In these days, I’m exploring the combination of HoloLens/Windows Mixed Reality and the capabilities offered by Cognitive Services to analyse and extract information from images captured via the device camera and processed using the Computer Vision APIs and the intelligent cloud. In this article, we’ll explore the steps I followed for creating a Unity application running on HoloLens and communicating with the Microsoft AI platform.

Registering for Computer Vision APIs

The first step was to navigate to the Azure portal https://portal.azure.com and create a new Computer Vision API resource:

I noted down the Keys and Endpoint and started investigating how to approach the code for capturing images on HoloLens and sending them to the intelligent cloud for processing.

Before creating the Unity experience, I decided to start with a simple UWP app for analysing images.

Writing the UWP test app and the shared library

There are already some samples available for Cognitive Services APIs, so I decided to reuse some code available and described in this article here supplemented by some camera capture UI in UWP.

I created a new Universal Windows app and library (CognitiveServicesVisionLibrary) to provide, respectively, a test UI and some reusable code that could be referenced later by the HoloLens experience.

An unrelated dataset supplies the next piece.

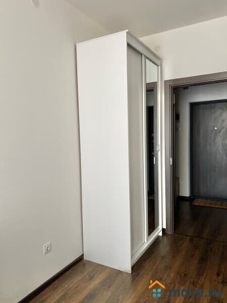 В комнате установлена встроенная качественная кухня с техникой, распашной шкаф, компактный диван, который раскладывается. Также есть обеденная зона со столом и стульями.
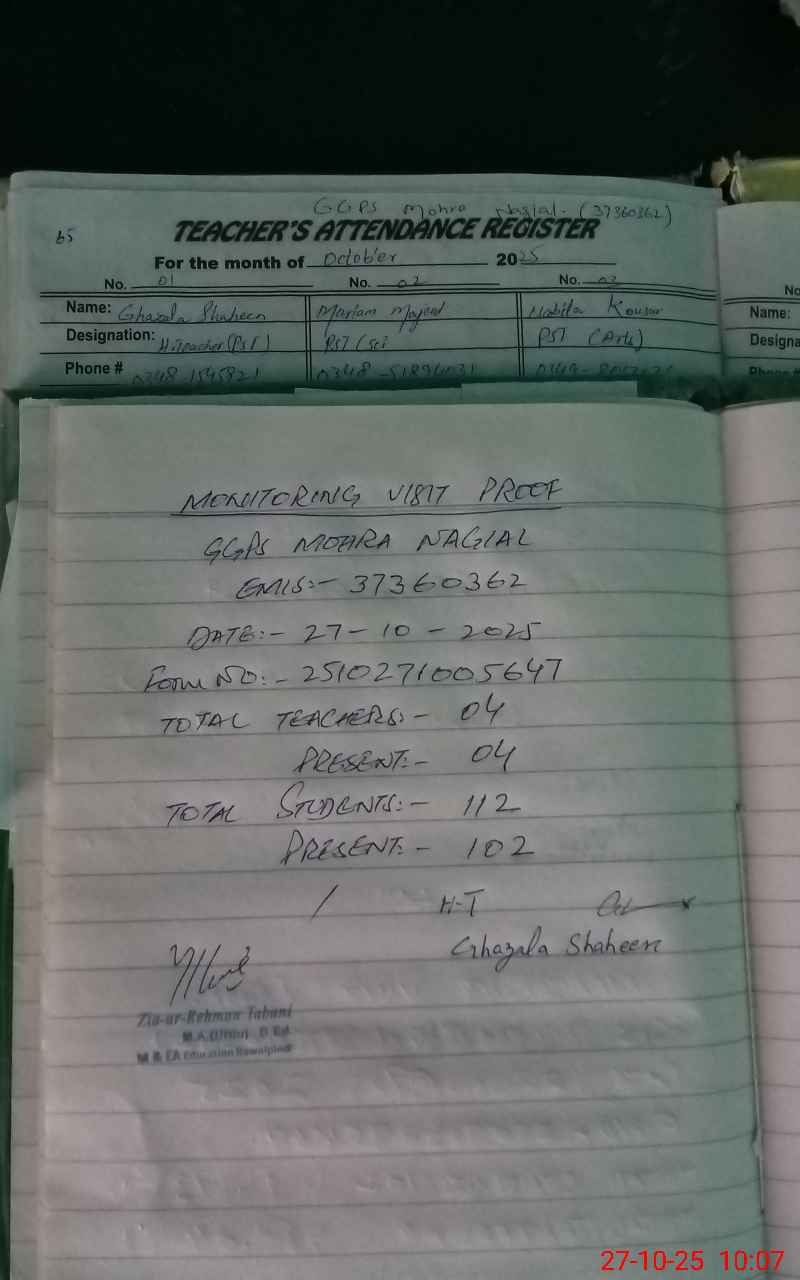 | EMIS Code: 37360362 | Name of School: GGPS MOHRA NAGIAL | |||

The Computer Vision APIs can be accessed via the package Microsoft.ProjectOxford.Vision available on NuGet so I added a reference to both projects:

The test UI contains an image and two buttons: one for selecting a file using a FileOpenPicker and another for capturing a new image using the CameraCaptureUI. I decided to wrap these two actions in an InteractionsHelper class:

public class InteractionsHelper
{
    CognitiveVisionHelper _visionHelper;

    public InteractionsHelper()
    {
        _visionHelper = new CognitiveVisionHelper();
    }

    public async Task&lt;InteractionsResult&gt; RecognizeUsingCamera()
    {
        CameraCaptureUI captureUI = new CameraCaptureUI();
        captureUI.PhotoSettings.Format = CameraCaptureUIPhotoFormat.Jpeg;

        StorageFile file = await captureUI.CaptureFileAsync(CameraCaptureUIMode.Photo);

        return await BuildResult(file);
    }

    public async Task&lt;InteractionsResult&gt; RecognizeFromFile()
    {
        var openPicker = new FileOpenPicker
        {
            ViewMode = PickerViewMode.Thumbnail,
            SuggestedStartLocation = PickerLocationId.PicturesLibrary
        };
        openPicker.FileTypeFilter.Add(".jpg");
        openPicker.FileTypeFilter.Add(".jpeg");
        openPicker.FileTypeFilter.Add(".png");
        openPicker.FileTypeFilter.Add(".gif");
        openPicker.FileTypeFilter.Add(".bmp");
        var file = await openPicker.PickSingleFileAsync();

        return await BuildResult(file);
    }

    private async Task&lt;InteractionsResult&gt; BuildResult(StorageFile file)
    {
        InteractionsResult result = null;

        if (file != null)
        {
            var bitmap = await _visionHelper.ConvertImage(file);
            var results = await _visionHelper.AnalyzeImage(file);
            var output = _visionHelper.ExtractOutput(results);
            result = new InteractionsResult {
                Description = output,
                Image = bitmap,
                AnalysisResult = results
            };
        }

        return result;
    }
}

I then worked on the shared library creating a helper class for processing the image using the Vision APIs available in Microsoft.ProjectOxford.Vision and parsing the result.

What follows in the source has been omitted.